● **TASK GOAL**: Make an exact copy of the listing below. Pictures stay out of it.

● **DATA EXCERPT**:

• • •

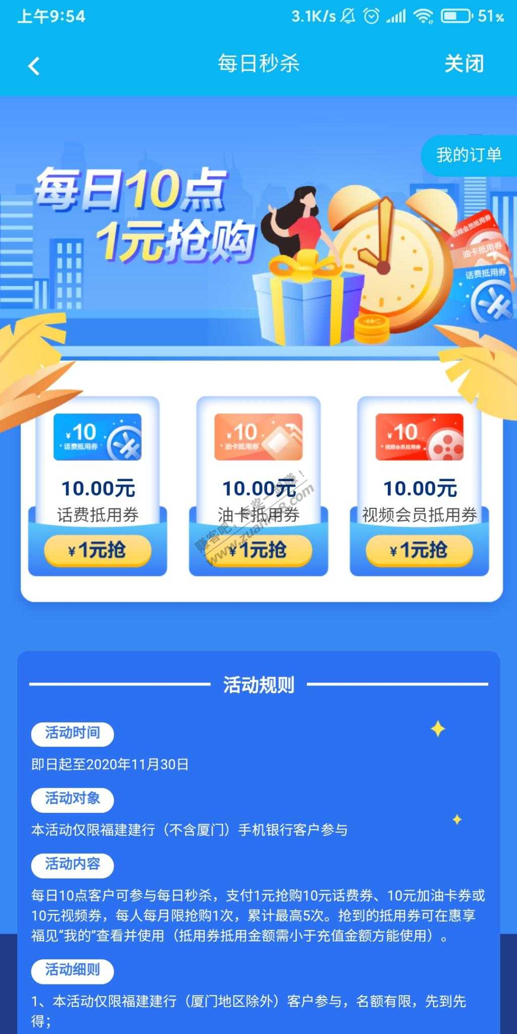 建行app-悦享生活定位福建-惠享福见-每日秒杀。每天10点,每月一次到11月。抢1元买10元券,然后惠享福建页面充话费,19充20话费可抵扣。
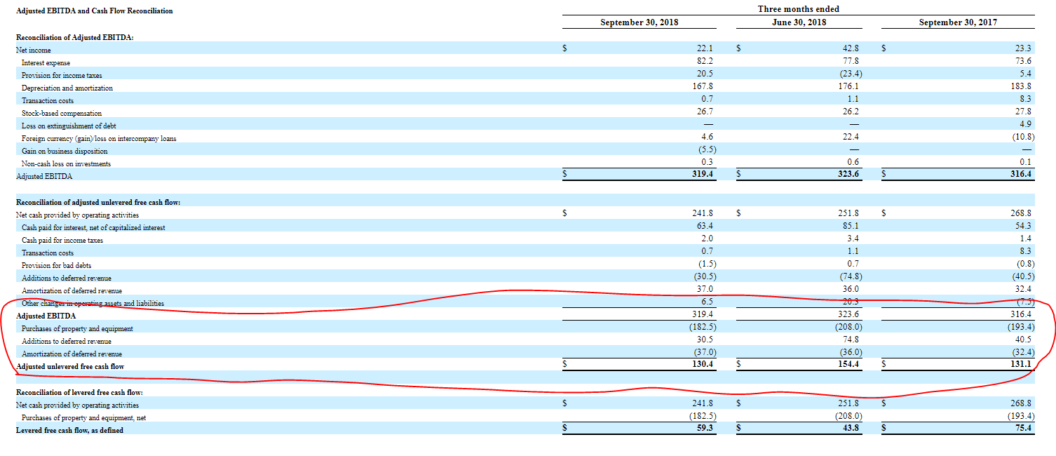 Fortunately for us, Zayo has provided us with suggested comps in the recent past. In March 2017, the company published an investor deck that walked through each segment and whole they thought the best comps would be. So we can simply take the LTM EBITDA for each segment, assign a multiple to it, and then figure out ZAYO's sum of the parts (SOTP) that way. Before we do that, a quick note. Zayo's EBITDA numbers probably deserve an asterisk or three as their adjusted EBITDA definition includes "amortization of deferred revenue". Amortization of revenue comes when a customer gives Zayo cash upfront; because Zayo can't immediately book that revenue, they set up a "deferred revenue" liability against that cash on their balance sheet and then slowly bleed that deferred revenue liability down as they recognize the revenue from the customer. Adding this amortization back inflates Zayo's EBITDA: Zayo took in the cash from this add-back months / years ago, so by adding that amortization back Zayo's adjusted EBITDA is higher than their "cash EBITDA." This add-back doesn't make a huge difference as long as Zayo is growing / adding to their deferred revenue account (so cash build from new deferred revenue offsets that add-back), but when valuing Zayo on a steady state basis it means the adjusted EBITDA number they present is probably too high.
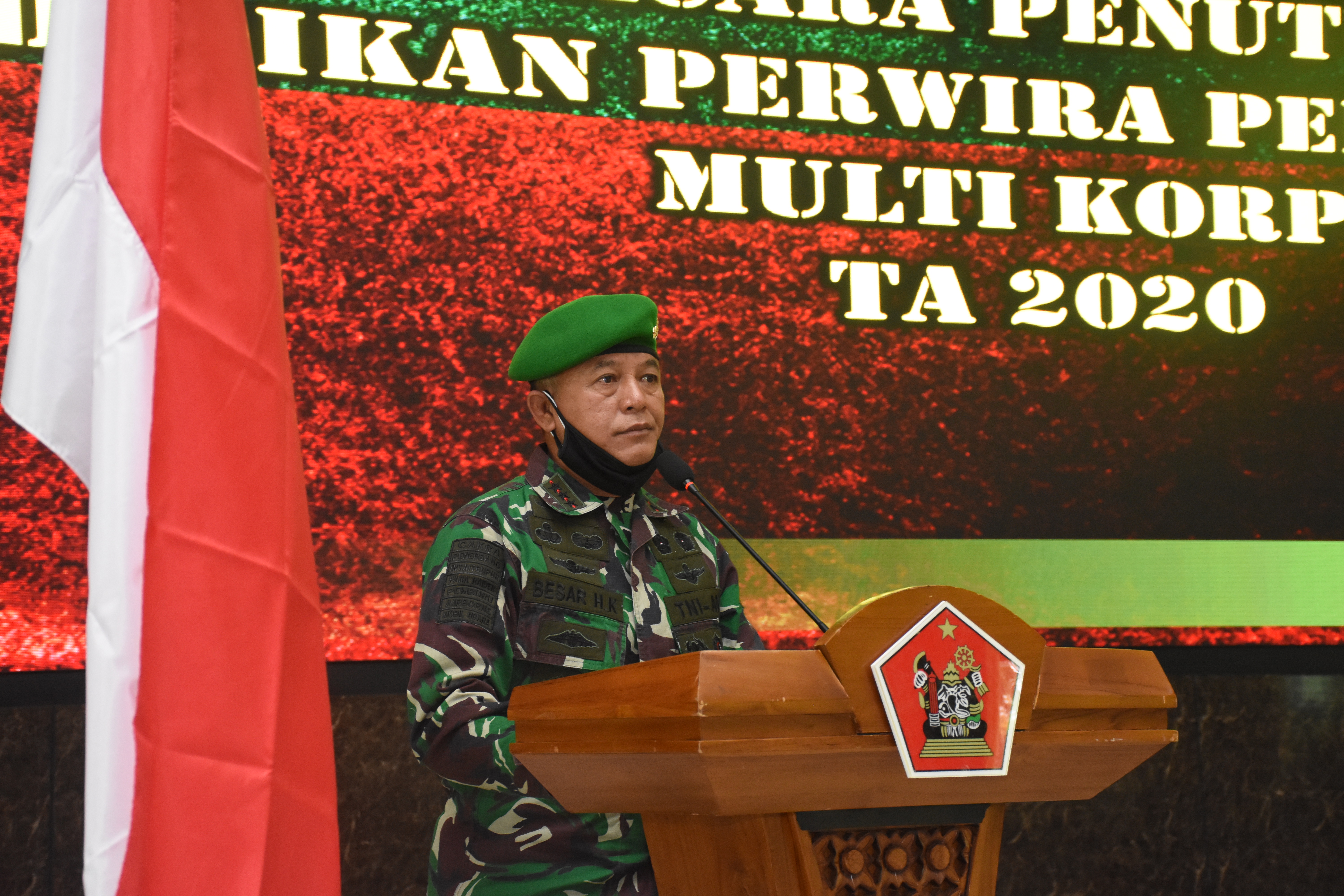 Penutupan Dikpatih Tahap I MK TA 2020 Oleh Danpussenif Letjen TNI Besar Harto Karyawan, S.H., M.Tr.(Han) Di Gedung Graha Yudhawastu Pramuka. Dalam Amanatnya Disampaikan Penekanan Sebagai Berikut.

• • •

● **FINAL ANSWER**:
 建行app-悦享生活定位福建-惠享福见-每日秒杀。每天10点,每月一次到11月。抢1元买10元券,然后惠享福建页面充话费,19充20话费可抵扣。
 Fortunately for us, Zayo has provided us with suggested comps in the recent past. In March 2017, the company published an investor deck that walked through each segment and whole they thought the best comps would be. So we can simply take the LTM EBITDA for each segment, assign a multiple to it, and then figure out ZAYO's sum of the parts (SOTP) that way. Before we do that, a quick note. Zayo's EBITDA numbers probably deserve an asterisk or three as their adjusted EBITDA definition includes "amortization of deferred revenue". Amortization of revenue comes when a customer gives Zayo cash upfront; because Zayo can't immediately book that revenue, they set up a "deferred revenue" liability against that cash on their balance sheet and then slowly bleed that deferred revenue liability down as they recognize the revenue from the customer. Adding this amortization back inflates Zayo's EBITDA: Zayo took in the cash from this add-back months / years ago, so by adding that amortization back Zayo's adjusted EBITDA is higher than their "cash EBITDA." This add-back doesn't make a huge difference as long as Zayo is growing / adding to their deferred revenue account (so cash build from new deferred revenue offsets that add-back), but when valuing Zayo on a steady state basis it means the adjusted EBITDA number they present is probably too high.
 Penutupan Dikpatih Tahap I MK TA 2020 Oleh Danpussenif Letjen TNI Besar Harto Karyawan, S.H., M.Tr.(Han) Di Gedung Graha Yudhawastu Pramuka. Dalam Amanatnya Disampaikan Penekanan Sebagai Berikut.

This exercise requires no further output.